* Task requirements
Print the data exactly as written, line for line, and leave its pictures behind.

* Records from a data collection
----------------------------------------
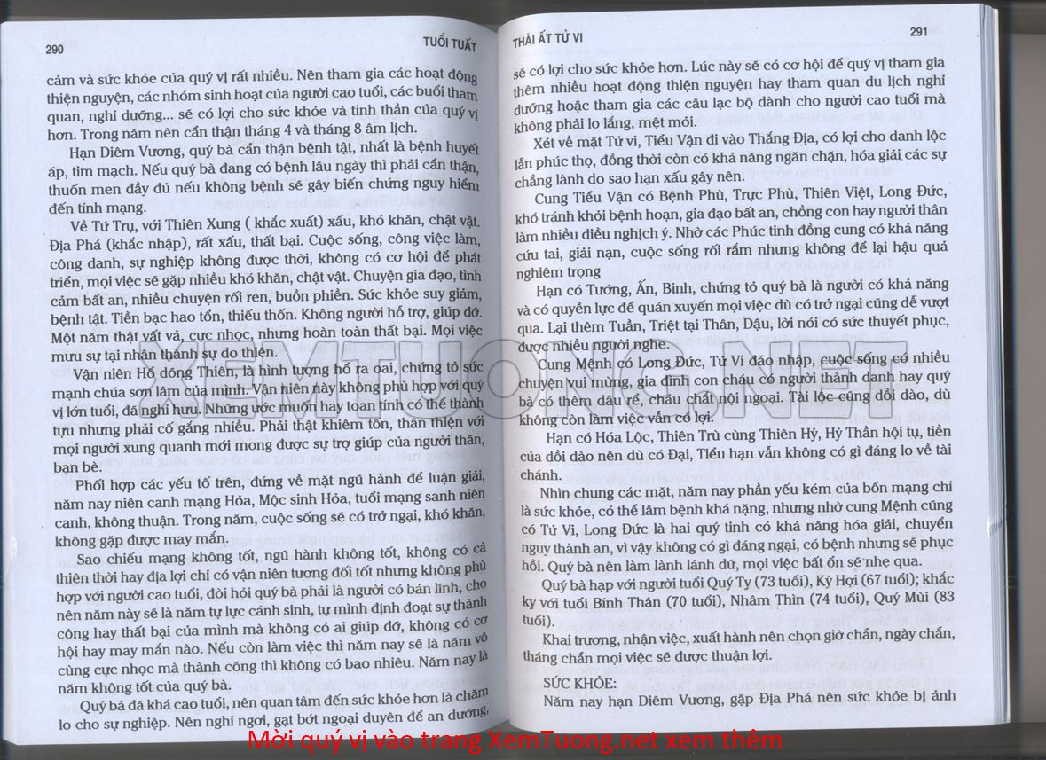 (Lưu ý: Thái Ất Tử Vi được chúng tôi scan từ sách, do đó mỗi tuổi sẽ có nhiều trang, quý vị xem xong hãy nhấn vào trang tiếp theo để xem hết phần tuổi muốn xem. Nếu quý vị xem bằng điện thoại thì hãy kéo qua lại để xem phần bị khuất.)
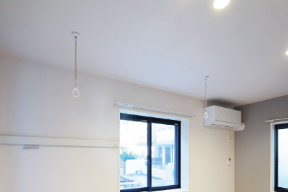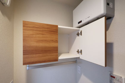 タオルや洗剤の収納に便利な吊戸棚の下にも、ハンガーがかけられるスペースを確保。
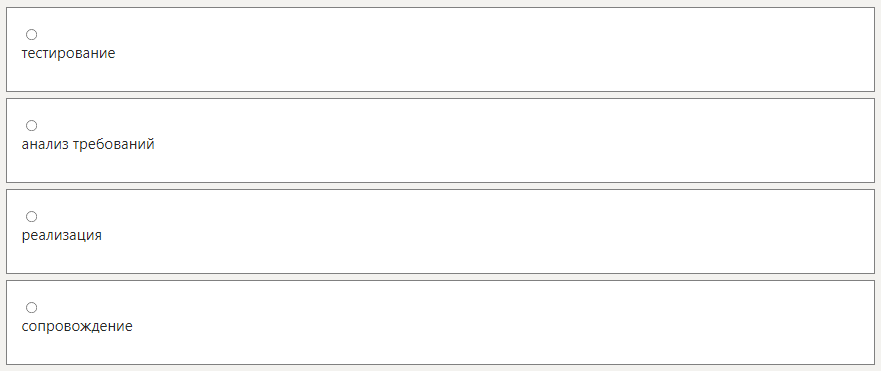 На таком этапе жизненного цикла программного обеспечения, как …, разрабатываются функциональные спецификации
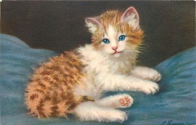 Title (ebay affiliate link): A Lampe~Fluffy Tabby Cat on Blue Blanket~Bright Blue Eyes~Paw Up~#169~Artist
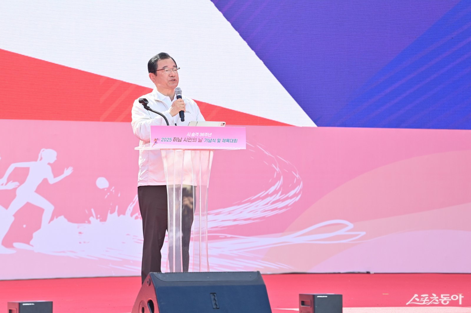 하남시는 지난 26일부터 27일까지 하남종합운동장 등 시 전역에서 열린 ‘2025 하남시민의 날 기념식 및 체육대회’와 ‘2025 하남이성산성문화제’가 시민들의 뜨거운 호응 속에 성황리에 마무리됐다(이현재 시장 기념사 모습). 사진제공|하남시
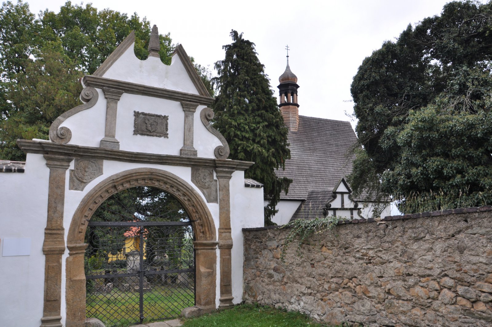 Na hřbitov se vstupuje renesanční branou z roku 1615 postavenou na náklady krupského obchodníka Georga Klippela. Tvoří ji polokruhový vchod s pilastry, které podpírají římsu s vysokým rozeklaným volutovým štítem. Na sever od kostela roste na hřbitově dub zimní chráněný jako památný strom.
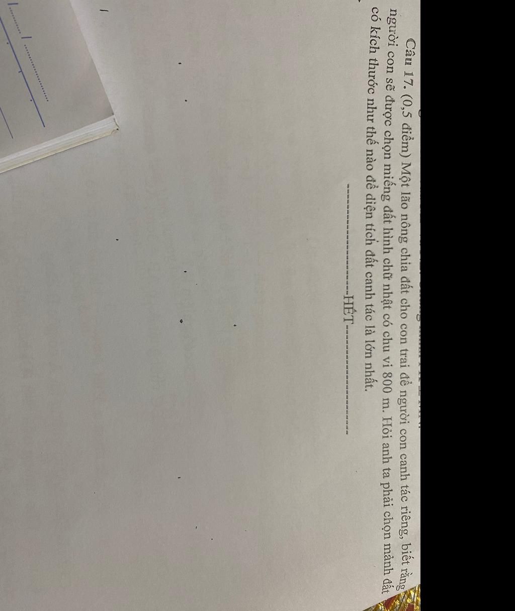 `800/2-x=400-x(m)` là chiều rộng mảnh đất
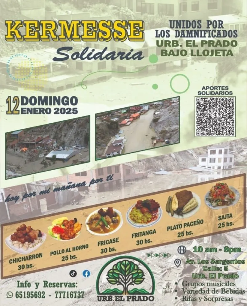 Los vecinos de Bajo Llojeta, donde una mazamorra afectó a unas 40 casas, realizarán este domingo una kermesse para recaudar fondos que les permitan pagar la maquinaria que necesitan para seguir sacando el barro que aún queda en el sector, y para muchas otras necesidades que tienen quienes aún permanecen desplazados.
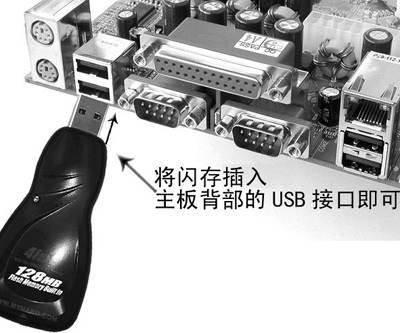 目前的闪存绝大多数采用USB接口,使用时只要插到计算机的USB接口里面即可(图4),无须打开机箱或者使用附加连线,外接电源更是多余。这点比起需要驱动器才能够使用的其他存储器有着不可比拟的优势。
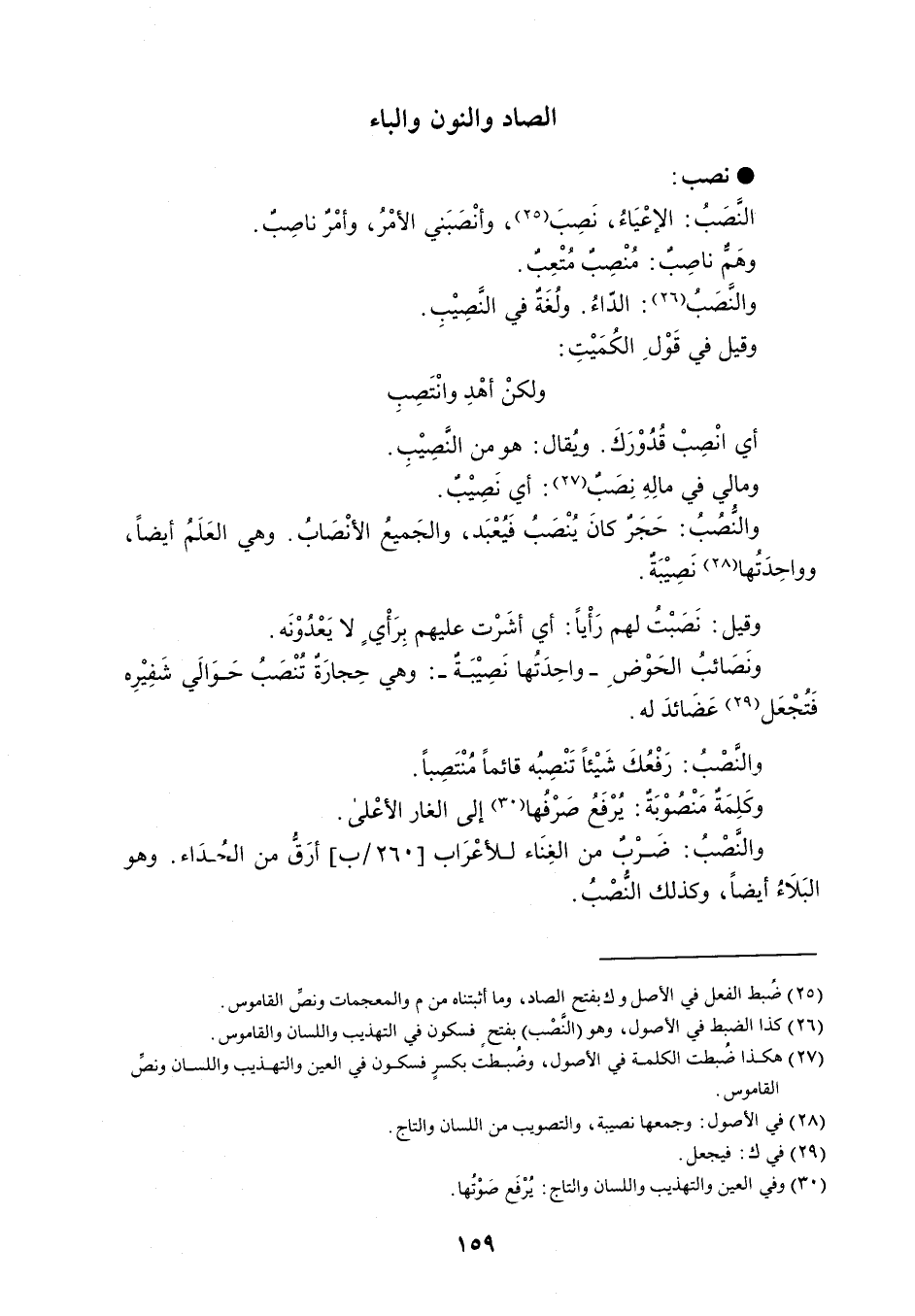 نصب النصَبُ : الإعْيَاءُ ، نَصِبَ ، وأنْصَبَني الأمْرُ ، وأمر ناصِبٌ . وهَم ناصِب : مُنْصب مُتْعِب . والنصَبُ : الدّاءُ . ولُغَة في النَّصِيْب . وقيل في قَوْلِ الكُمَيْتِ : ولكنْ أهْدِ وانْتَصبِ أي انْصِبْ قُدُوْرَكَ . ويُقال : هو من النَصيْبِ . ومالي في مالِهِ نِصَب : أي نَصِيْبٌ . والنُصبُ : حَجَرٌ كانَ يُنْصَب فَيُعْبَد ، والجَميعُ الأنْصَابُ . وهي العَلمُ أيضاً ، وواحِدَتُها نَصِيْبَة . وقيل : نَصَبْتُ لهم رَأْياً : أي أشَرْت عليهم بِرَأْيٍ لا يَعْدُوْنَه . ونَصَائبُ الحَوْضِ - واحِدَتُها نَصِيْبَة - : وهي حِجارَة تُنْصَبُ حَوَالَي شَفِيْرِه فَتُجْعَل عَضَائدَ له . والنصْبُ : رَفْعُكَ شَيْئاً تَنْصِبُه قائماً مُنْتَصِباً . وكَلِمَة مَنْصُوْبَة : يُرْفَعُ صَرْفُها إلى الغار الأعْلى . والنصْبُ : ضرْبٌ من الغِنَاء للأعْرَاب أرَقُّ من الحداء . وهو البَلاَءُ أيضاً ، وكذلك النُّصْبُ .
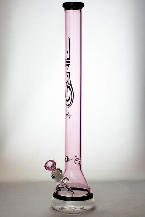 This 24 inches height is simple color accented classic style beauty bong. by Genie Glass. Producing 7 mm thickness tubing is very costly to product but it is well worth due to its gorgeous looks. It comes with an 14/18 mm slitted diffuser downstem and a 14 mm thick bowl. From there smoke is diffused and cooled in the main chamber. A long 7 mm thick tube keeps water from bubbling up towards the thick, comfortable mouthpiece, and ice notches will hold a few cubes for even cooler smoke. This water pipe is made of quality borosilicate glass.
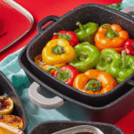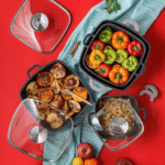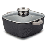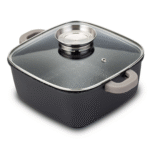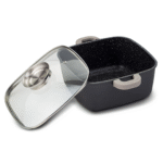 – Highly resistant glass lid with a special port on handle that facilitates the addition of liquid ingredients when used in the oven
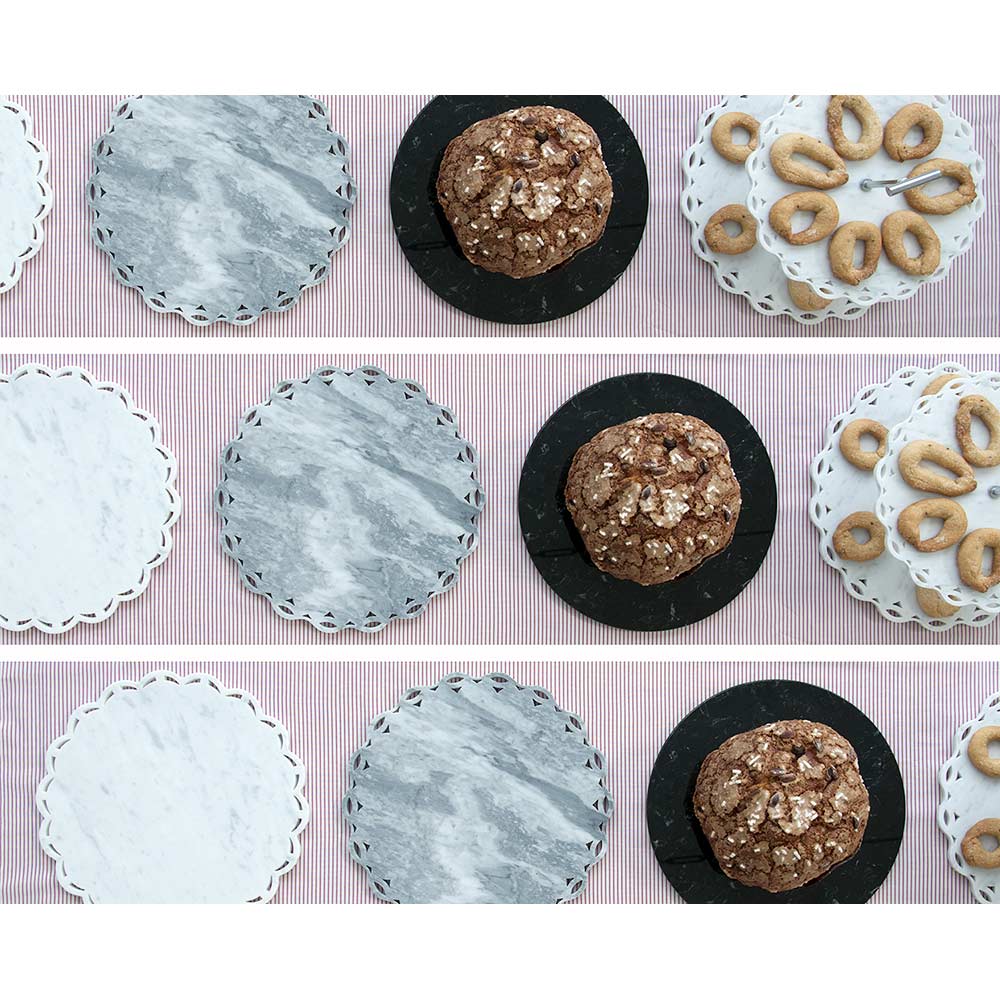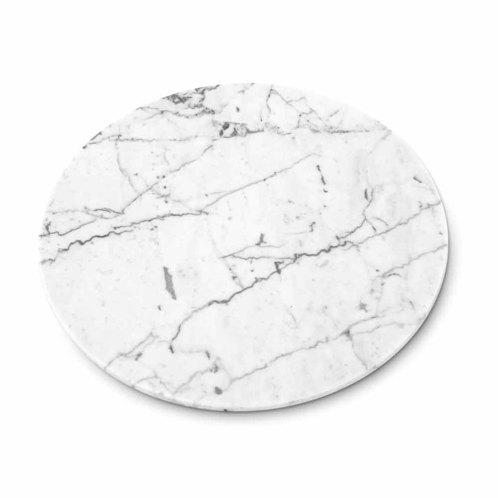 Pllakë elegante moderne e djathit e rrumbullakët e bërë nga 2 variante mermeri: mermer i bardhë Carrara dhe mermer i zi Marquinia. Bërë nga mermer i çmuar me cilësi të lartë , është një copë unike pasi çdo bllok mermeri i përdorur ndryshon nga të tjerët në venat dhe nuancat.
----------------------------------------
* Solution for this problem
 (Lưu ý: Thái Ất Tử Vi được chúng tôi scan từ sách, do đó mỗi tuổi sẽ có nhiều trang, quý vị xem xong hãy nhấn vào trang tiếp theo để xem hết phần tuổi muốn xem. Nếu quý vị xem bằng điện thoại thì hãy kéo qua lại để xem phần bị khuất.)
 タオルや洗剤の収納に便利な吊戸棚の下にも、ハンガーがかけられるスペースを確保。
 На таком этапе жизненного цикла программного обеспечения, как …, разрабатываются функциональные спецификации
 Title (ebay affiliate link): A Lampe~Fluffy Tabby Cat on Blue Blanket~Bright Blue Eyes~Paw Up~#169~Artist
 하남시는 지난 26일부터 27일까지 하남종합운동장 등 시 전역에서 열린 ‘2025 하남시민의 날 기념식 및 체육대회’와 ‘2025 하남이성산성문화제’가 시민들의 뜨거운 호응 속에 성황리에 마무리됐다(이현재 시장 기념사 모습). 사진제공|하남시
 Na hřbitov se vstupuje renesanční branou z roku 1615 postavenou na náklady krupského obchodníka Georga Klippela. Tvoří ji polokruhový vchod s pilastry, které podpírají římsu s vysokým rozeklaným volutovým štítem. Na sever od kostela roste na hřbitově dub zimní chráněný jako památný strom.
 `800/2-x=400-x(m)` là chiều rộng mảnh đất
 Los vecinos de Bajo Llojeta, donde una mazamorra afectó a unas 40 casas, realizarán este domingo una kermesse para recaudar fondos que les permitan pagar la maquinaria que necesitan para seguir sacando el barro que aún queda en el sector, y para muchas otras necesidades que tienen quienes aún permanecen desplazados.
 目前的闪存绝大多数采用USB接口,使用时只要插到计算机的USB接口里面即可(图4),无须打开机箱或者使用附加连线,外接电源更是多余。这点比起需要驱动器才能够使用的其他存储器有着不可比拟的优势。
 نصب النصَبُ : الإعْيَاءُ ، نَصِبَ ، وأنْصَبَني الأمْرُ ، وأمر ناصِبٌ . وهَم ناصِب : مُنْصب مُتْعِب . والنصَبُ : الدّاءُ . ولُغَة في النَّصِيْب . وقيل في قَوْلِ الكُمَيْتِ : ولكنْ أهْدِ وانْتَصبِ أي انْصِبْ قُدُوْرَكَ . ويُقال : هو من النَصيْبِ . ومالي في مالِهِ نِصَب : أي نَصِيْبٌ . والنُصبُ : حَجَرٌ كانَ يُنْصَب فَيُعْبَد ، والجَميعُ الأنْصَابُ . وهي العَلمُ أيضاً ، وواحِدَتُها نَصِيْبَة . وقيل : نَصَبْتُ لهم رَأْياً : أي أشَرْت عليهم بِرَأْيٍ لا يَعْدُوْنَه . ونَصَائبُ الحَوْضِ - واحِدَتُها نَصِيْبَة - : وهي حِجارَة تُنْصَبُ حَوَالَي شَفِيْرِه فَتُجْعَل عَضَائدَ له . والنصْبُ : رَفْعُكَ شَيْئاً تَنْصِبُه قائماً مُنْتَصِباً . وكَلِمَة مَنْصُوْبَة : يُرْفَعُ صَرْفُها إلى الغار الأعْلى . والنصْبُ : ضرْبٌ من الغِنَاء للأعْرَاب أرَقُّ من الحداء . وهو البَلاَءُ أيضاً ، وكذلك النُّصْبُ .
 This 24 inches height is simple color accented classic style beauty bong. by Genie Glass. Producing 7 mm thickness tubing is very costly to product but it is well worth due to its gorgeous looks. It comes with an 14/18 mm slitted diffuser downstem and a 14 mm thick bowl. From there smoke is diffused and cooled in the main chamber. A long 7 mm thick tube keeps water from bubbling up towards the thick, comfortable mouthpiece, and ice notches will hold a few cubes for even cooler smoke. This water pipe is made of quality borosilicate glass.
 – Highly resistant glass lid with a special port on handle that facilitates the addition of liquid ingredients when used in the oven
 Pllakë elegante moderne e djathit e rrumbullakët e bërë nga 2 variante mermeri: mermer i bardhë Carrara dhe mermer i zi Marquinia. Bërë nga mermer i çmuar me cilësi të lartë , është një copë unike pasi çdo bllok mermeri i përdorur ndryshon nga të tjerët në venat dhe nuancat.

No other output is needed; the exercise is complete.